Makes All Stops

Adventures by C, K, A, and M


We're back! The trip overall was a good experience: at first feeling like a long weekend trip, then a couple days of feeling like a weekend trip gone on too long, and then we settled into the rhythm of travelling and had a great time. I'll be posting photos and a trip journal of sorts in the upcoming days, but for now I've got many things to catch up on first.


Took the train down to Bangkok and spent a day there. We got a little overwhelmed with the heat and traffic and crazyness, so we decided to go to the beach a day or so early. (That's the nice thing about travelling with no fixed schedule -- you can be flexible about that kind of thing. Of course, the downside is that you're constantly planning where to go next, but it's interesting for sure.

We arrived on Ko Samui via airplane. The airport on this little island is such a typical "little tropical island " airport. It's outdoors, and there's palm trees and the signs directing you where to go are carved in wood and it's of course very touristy.

We stayed on Big Buddha beach, named for the large (12m) statue of Buddha in a temple on one side of the beach. (You can see the Big Buddha from everywhere.) Spent some nice time relaxing and swimming in the ocean and met a nice couple from Wales that we shared a drink on the beach with. Then, the island decided to remind us that it was in fact still monsoon season and a massive rainstorm swept us up. We ran with the other couple over to a restaurant 100m down the beach but still arrived soaking wet. Not to worry though, it was a warm rain and we had a great time.

The next day, we decided to take the boat up to the next island, Ko Pha-Ngan. This is the site of the famous(?) Full Moon parties where they dance the night(s) away into the next day every full moon. This not being close to the full moon, it's a little quieter here, but it's still a very happenning place. If Chiang Mai was a "foreigner's mecca", Hat Rin beach on Ko Pha-Ngan is a "backpacker's mecca". It's got even more foreigners than Chiang Mai, and this time they're largely college-age to mid-20s. (And judging by the accents you hear, they really come from all over the place.)

So ... some more relaxing on the beach is what we'll be doing the next couple days. We may take a boat trip around the island tomorrow. Then, we'll start the multi-stage journey back to Seattle, first by boat to Ko Samui, then by plane to Bangkok (with some more sight-seeing there), then by another series of planes through Taipei and on to Seattle.

Hope you're all doing well, be back home next weekend.


Spent the past few days riding bicycles around two ancient capitols of Thailand: Sukhothai and Ayuthaya. Sukhothai is a little more remote: the ancient ruins are 12km or so outside of the modern city, and as such is rather peaceful to ride around on a bike.
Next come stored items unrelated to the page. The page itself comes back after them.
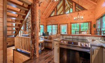 This adorable cabin has 1,500 feet of living area which includes a bedroom on the main living level, king bed in the loft, 2 bathrooms, great room with TV and stone fireplace and a kitchen with granite counter tops and stainless steel appliances.
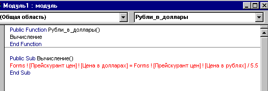 Далее необходимо через буфер обмена скопировать операторы из функции Рубли_в_Доллары в создаваемую подпрограмму. Для этой цели сконфигурируйте окно модуля таким образом, чтобы на экране одновременно отображались обе процедуры.
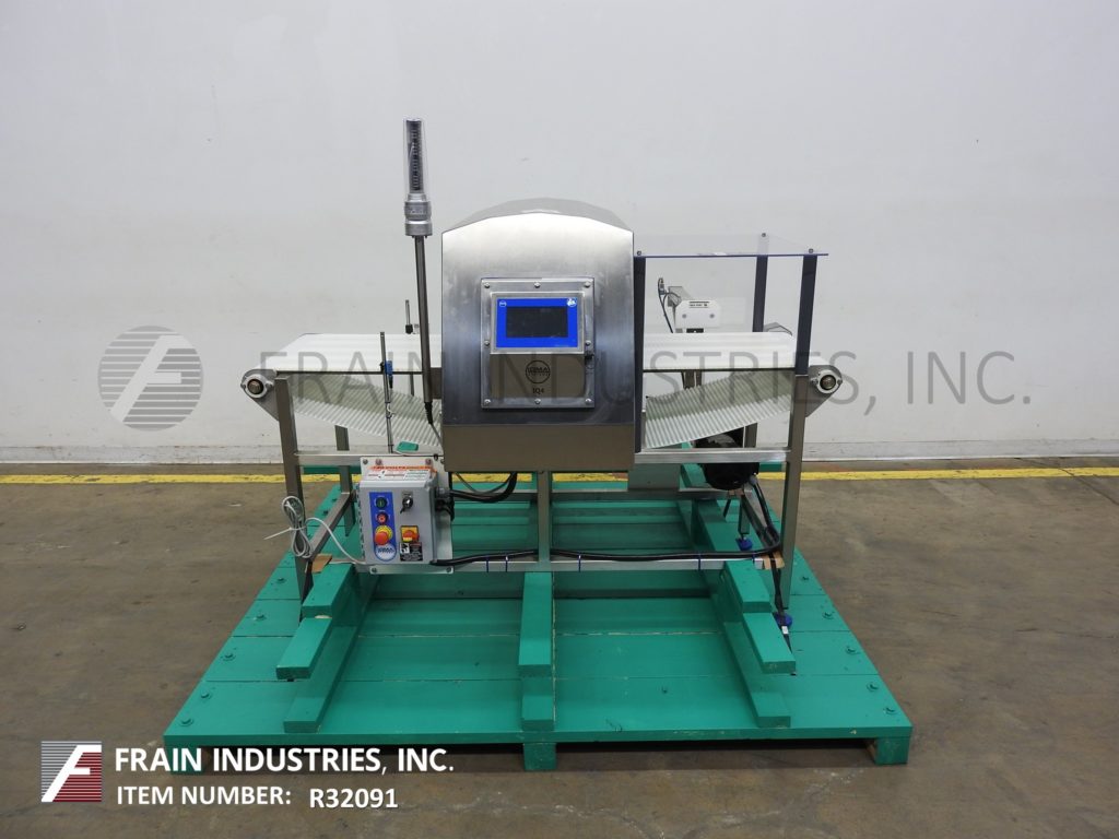返回所有设备Loma, IQ4型触摸屏,自动,在线,不锈钢,金属探测器每分钟产品数量-取决于材料和应用。304不锈钢结构。总光圈:高度12英寸;21-1/2”宽。工作光圈:10-1/2”高度;19-1/2”宽。配备19-1/2“宽x 72”长的Intralox产品输送带,可调节饲料和排放高度34“到38”,与柱塞臂拒绝,7“彩色触摸屏控制器与用户界面,启动,停止,e-stop按钮控制和信号塔。敏感性:取决于运行的产品、容器和环境。环境:干燥,偶尔轻洗。温度范围:-10至+40℃,14至104℃。支持以太网和USB。 Mounted on stainless steel frame with height adjustable legs.

Ayuthaya is a little more chaotic: the ruins are interspersed with the modern city, so you spend half the time dodging large trucks and the other half figuring out which turn to take. Once you get off the bike at each ruin site, though, it's nice and quiet -- you can walk around and take photos and be a tourist without having to know there's a big city just beyond the walls. Of the two, we like Sukhothai better, because it has a more park-like feel, but both offer a great chance to imagine what went on in the ancient cities so many years ago.

From here, we go further south: to Bangkok and a beach if we can find one on short notice ;-) More updates as I get a chance.

Chiang Mai

We've made it as far as Chiang Mai, and are having a great time! The food is hot and the weather is hotter! We're seeing Wat (temple) upon wat. They're really spectacular, serving both a religious and a community purpose. Monks (dressed in bright orange) live on the premises, and people gather for services, plus other things like aerobics, meetings, etc.

Chiang Mai is really a foreigner's paradise -- you can see farang (western-looking gringo-like people) everywhere, and there's always something exciting going on. From here, we head south to a few historical capitols of Thailand, eventually making our way to Bangkok and one or two beaches to relax. More later.

Off to Thailand!

Off to Thailand tomorrow! It's been a busy (but fun) summer, and now I'll get a chance to relax for a while. I've spent this week staying up later than I usually do and sleeping in later than I usually do -- all in a likely-futile effort to get a jump on adjusting to the 10 hours of time difference. So I find myself up close to 2am working on web pages...

...and trying. to. stay. awake.

Alysa and I have never been to Thailand before, so I'm sure we'll want to try to see everything. This will be part "trip" (sightseeing, trekking, running around like a tourist taking pictures of temples, statues, and other random things that are a good deal older than me), and part "vacation" (sitting around reading, enjoying the beach, and in general doing nothing.) Oh, did I mention there will be lots of Thai food? That may prove to be the best part.

You can email me at [redacted], and I'll try to check it a few times from internet cafes when I'm there. Depending on what features said internet cafes have, I may also be able to post "where are we now" updates to this page. Regardless, I'll post a trip story and photos when we get back.

That's all for now, I hope you all have a good two weeks!